Calm before the storm right now, I guess. Wish me luck!
 
Chris
I find that the more I disclose the calmer it gets, and if someone does create a storm then that's their problem - not mine - and I move on, usually leaving them behind.

Dave
 
Lloydy,
How do you determine how much to share? I really struggle with sharing 'all or nothing'. I feel like I'm lying if I don't share, and I've scared away more than 1 close friend by sharing too much.

Thanks for any insight you can provide.
 
Old Trafford:

If you haven't already, you might want to check the thread of posts started by Al called "How Much Do You Tell?" While more about telling a mate, I'm sure a lot of it can be applied to telling friends and others as well.

Also, in the articles link off the MS homepage, there is an excellent article by Ken Singer on "Disclosure and Confrontation." Really good both on telling people about your SA, and also on confronting your perps about it.

Meanwhile, I'll just say that not telling everything is not lying, not even deceit or dishonesty or anything remotely similar, especially when it involves people who are in no way owed that information.

With something like SA especially, it is difficult
to try to tell in advance how anybody might respond to what you share. So share what you really need to share with whomever you really need to share it.

If you have a good T, he/she can be of help, both as someone to share it with, and to help you in how to share with others.

Take care

Victor
 
Old Trafford
I guess you must have a Manchester UK link choosing a nickname like that ?
Anyway, wlecome to the site, I hope you find it a good place to be.

How did I decide what and how much much to disclose ? hell that's a hard one to answer precicsely, unfortunately recovery doesn't have hard and fast rules. Mostly we make it up as we go along !
And if that seems frightening, well, I suppose it is.
I'd be a liar to tell you otherwise.

I disclosed to my wife slowly, a bit at a time. Every bit I disclosed I thought about hard. Sometimes, even after a lot of thought and soul searching, I still hadn't got a clue what her reaction would be. But I grabbed a dose of 'bravery' from somewhere and tried it.

And you know what ? it worked.
I now know that it was largely dependent on her love for me.
And my doubts about her acceptance of what I was about to say were based on me not knowing how much she loved and trusted me. I just didn't recognise it.

But as I moved on and disclosed more, I learned that she accepted where I had been, what I had done and why I had done it. She said to me once "It wasn't you, it was those bastards in your body"
What she meant was I was still under the influence of my abusers, which I now realise was the truth.

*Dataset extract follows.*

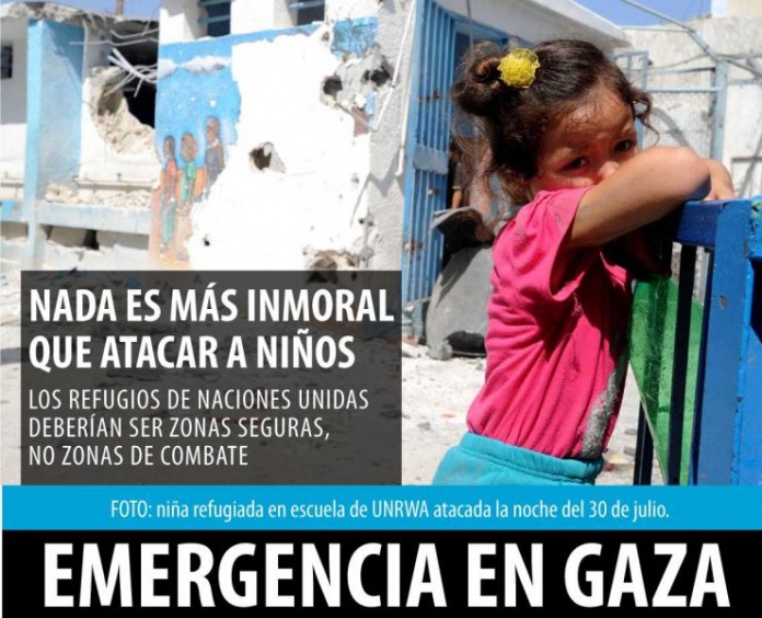 Una vez más la realidad de Gaza nos golpea en la cara. El pasado miércoles murieron 20 personas mientras dormían, a consecuencia del ataque de Israel a una de nuestras ‘escuelas-refugio’. Entre los muertos, muchos niños. Cuando el proyectil alcanzó el aula donde se resguardaban de la violencia muchos niños dormían junto a sus padres. Este hecho debería ser objeto de vergüenza universal, y por ello instamos a la comunidad internacional a poner fin de inmediato a la masacre en Gaza del pueblo palestino.

I have sat and told her about acting out and giving BJ's to strangers. And believe me - that's fucking hard to do !
But I could only do that once we had established a level of trust between us, and, more importantly I think, a commitment from me that I was moving on and recovering.

I guess what I'm saying is that I disclosed detail and information when I thought we were both ready to accept it. It's an instinctive thing I suppose.
But I believe we all have those instincts.

I think we all know when the time is right to say something.
But we usually lack the confidence to actually seize the moment and say what we want.
Like I said earlier, it isn't easy. So we do have to take a risk and seize that moment, say something. If we dont - we never will.

You certainly aren't lying by holding anything back, when YOU'RE ready to tell, you'll do it.

And if it scares people away, then I would suggest that there isn't the trust between you that you thought was there. But I may be wrong there.
Someone I told my story to was very uncomfortable with what I'd said and pulled away from me. I think we'd both misjudged our friendship. We still talk but we're no longer big friends. And my view is that I've moved on but they haven't.

I hope I make some sense, trust yourself.